■ EXERCISE AIM:
Give again, character for character, the lines that lie between the first line of the material and the line with "Nach dem Öffnen", inclusive. Omit pictures.
*** INFORMATION GIVEN ***
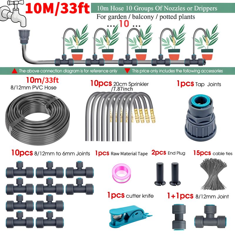 Flexible Brass Adjustable Spray Kit Gray 3/8"PE Hose Quick Connect Fogging Cooling Dedusting Watering System for Garden
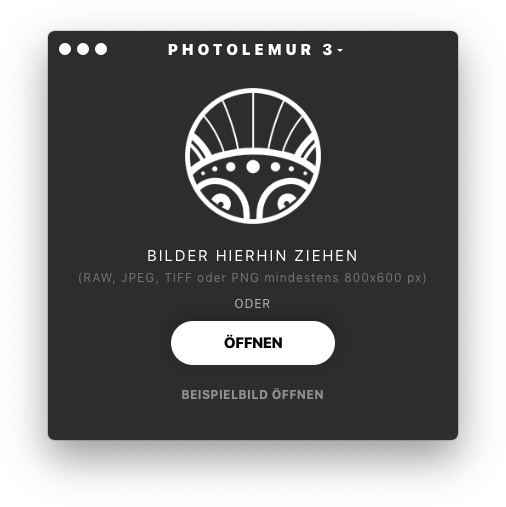 Nach dem Öffnen von Photolemur 3 zeigt sich ein einfaches Benutzerinterface, über welches sich die zu bearbeitenden Bilder per Button-Druck und Systemdialog oder per Drag & Drop öffnen lassen.
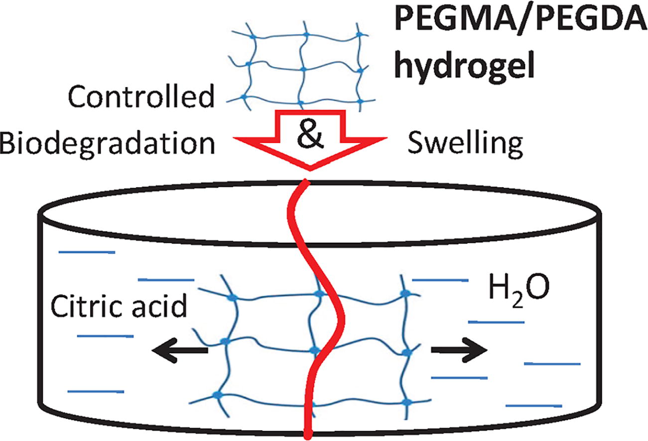 The ability of hydrogels based on acrylate derivatives of polyethylene glycol (PEG) with different ratios of monomers to swell and degrade, as well as their behavior during heating, have been explored. The possibility to control the swelling and degradation processes in the model medium by varying the ratio of PEG-methacrylate (PEGMA) and PEG-diacrylate (PEGDA) monomers was demonstrated.
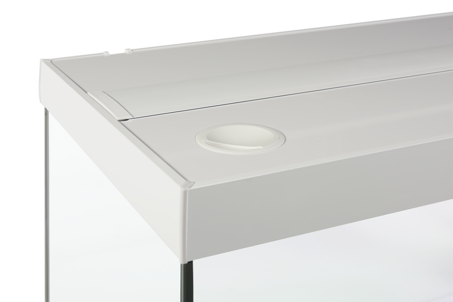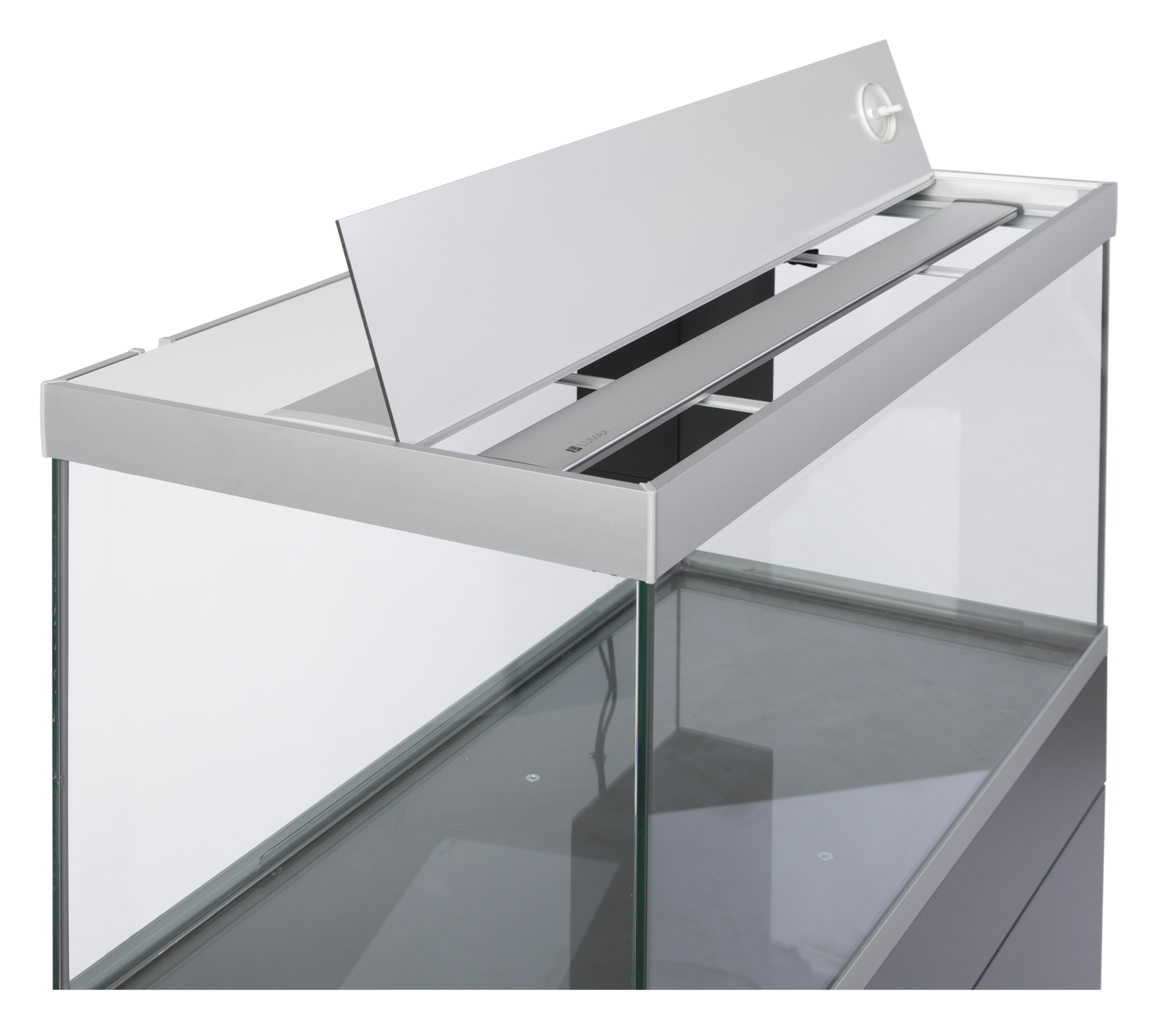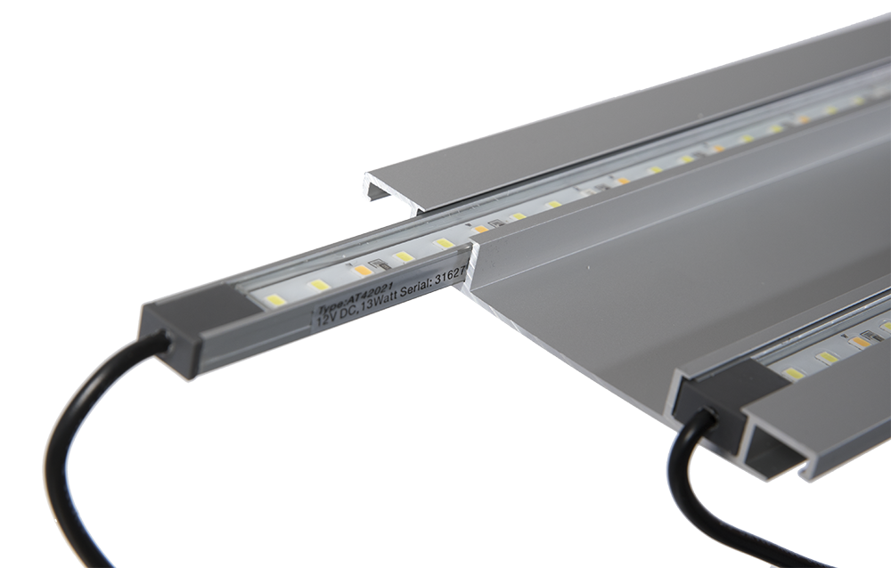 ELEMENT låget er et klassisk 3-delt låg, hvor du blot vipper den forreste del op, når du skal arbejde i akvariet. Har du brug for mere plads, kan du også ”folde” den midterste del med op - eller helt fjerne dem alle. De to yderste lågplader er fremstillet i en alu-plast kompositplade der er både stærk, formstabil og særdeles let at holde ren. Det midterste låg er en kraftig aluminiumsprofil der er lakeret i akvariets farve. Her monterer du også de to medfølgende LED-lysskinner. Lysskinnerne skubbes blot ind fra enden af profilen og er derfor lette at få ud igen ved f.eks. rengøring af låget.
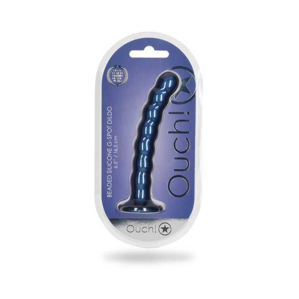 Shots Ouch! Beaded Silicone 6.5 In. G-spot Dildo Metallic Blue
*** End of INFORMATION GIVEN ***
■ TASK RESPONSE:
 Flexible Brass Adjustable Spray Kit Gray 3/8"PE Hose Quick Connect Fogging Cooling Dedusting Watering System for Garden
 Nach dem Öffnen von Photolemur 3 zeigt sich ein einfaches Benutzerinterface, über welches sich die zu bearbeitenden Bilder per Button-Druck und Systemdialog oder per Drag & Drop öffnen lassen.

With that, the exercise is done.